Back then, however, machining cycle time was not the primary obstacle to processing these parts. The challenge instead was the variety of setups, and what this required in terms of carrying parts from machine to machine, coordinating time on different machines, queuing incomplete parts to wait their turn on the next machine in the sequence, and taking care to load parts precisely at each step to ensure accuracy from operation to operation. While the multitasking machine tool has significantly compacted cycle time, it has done much more than this by cutting walking time, handling errors and work-in-process inventory all down to zero.
In fact, Mr. Lang says the advantage of getting so much of the part’s processing time and expense into the machining cycle is that machining cycle improvements are now seen for their full value. Tooling that can deliver further efficiency becomes easy to justify. The shop recently refined the machining cycle with a combination tool it specified that performs drilling and chamfering in a single pass, saving time by eliminating a tool change.
4. Cells
Yet as productive as the lathe is, even more production happens in its immediate vicinity. Ergoseal’s new way of thinking about production emphasizes cells, Tom Hilaris says. Walking time can be reduced even further by anticipating where a part is likely to go next and bringing that subsequent operation close to the machine tool. Parts produced at the ST-20 lathe go into a press-fit assembly operation, so the work cell around this lathe now includes all of the resources the operator needs to perform this assembly while the machine is cutting parts.
A cell has also been built around the shop’s latest CNC machine, a smaller Haas ST-10 lathe. This machine produces “cups,” components common throughout the company’s seal assemblies. All cup parts are roughly similar, but this machine produces a range of sizes and varieties for a range of customers’ seals.
For any cup part, two machining operations are needed. The part’s inner region is turned to allow lugs to be welded inside. After this welding, the part returns to the lathe so the burn marks can be turned from the OD. Because of this series of steps, work-in-process inventory also used to be common for this part, until the company installed the spot welder in a cell with this lathe. Now, the operator can move the part from machining to welding to machining without walking at all. This truism about manufacturing is so simple and powerful that it is almost profound: Just the positioning of your equipment can determine how much work your shop is able to do.

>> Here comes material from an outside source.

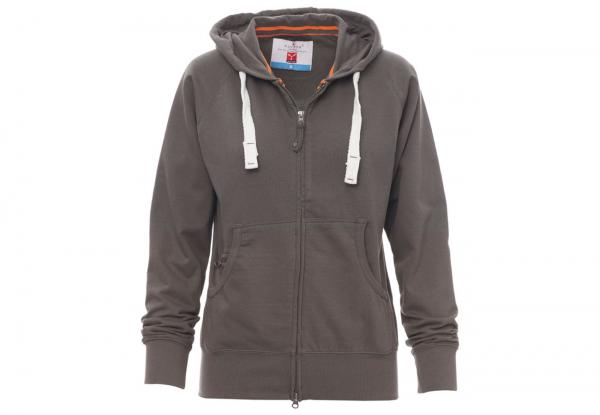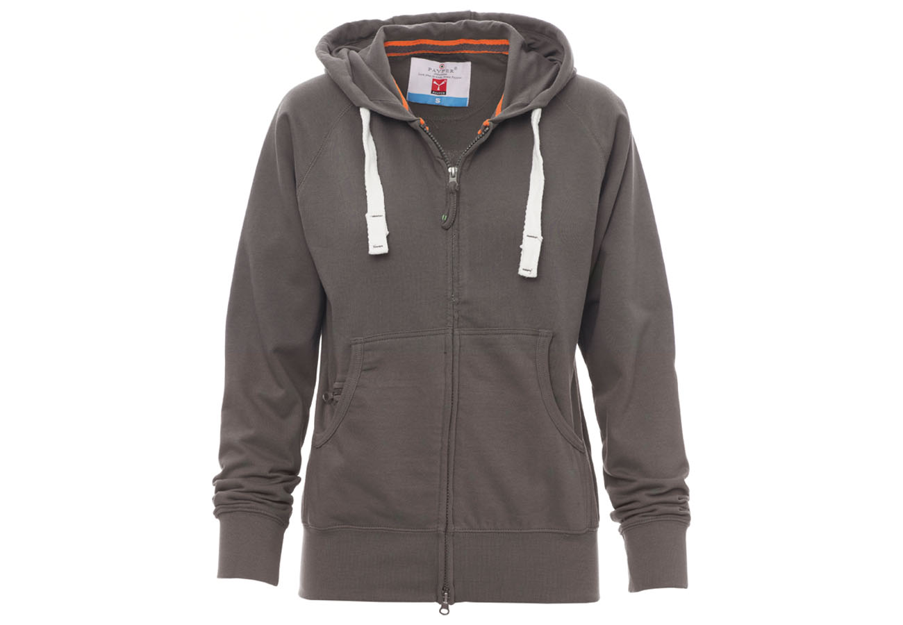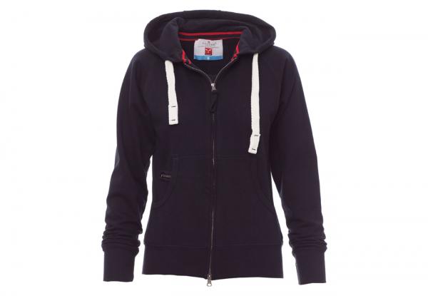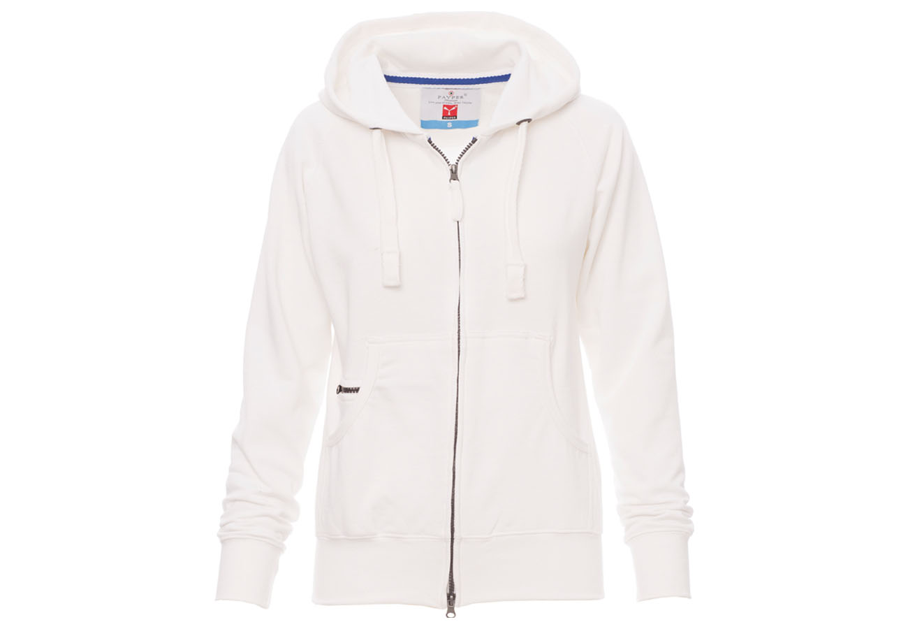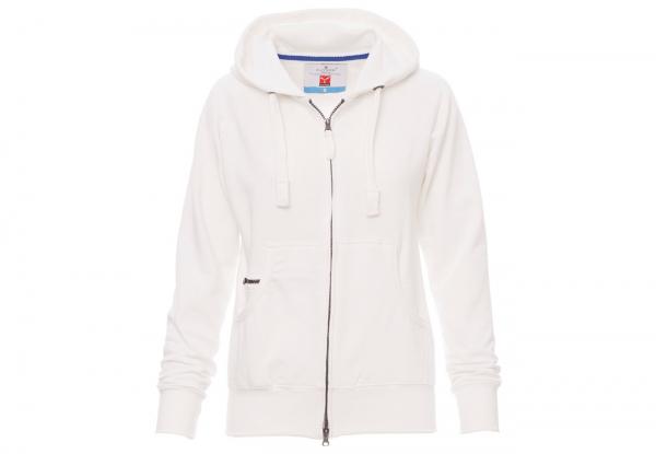 Felpa sfiancata da donna, zip intera SBS coperta con doppio cursore in metallo, cappuccio con due cuciture, coulisse bianca con cuciture in tinta con la felpa e anelle in metallo, manica raglan, tasche a marsupio con taschino zip, polsini e vita in costina elasticizzata. Cuciture rinforzate.

Together, the two newest machines in the shop, the Haas lathes, are now productive enough within their respective cells that they account for the lion’s share of the shop’s machining output. Other, older machines in the shop are still valuable and still deliver significant production, but the pressure on these machines to deliver all of the company’s part-making capacity has been relieved.
As a result, the value of these machines has changed. The way the company looks at them has changed. While the new lathes are more purely production resources, these older machines can increasingly serve the company in its efforts to build up the business. These older machines perhaps can’t keep up with the production processes that Ergoseal is developing in other corners of the shop, but increasingly they now can be available to run the prototyping jobs that will lead to further growth.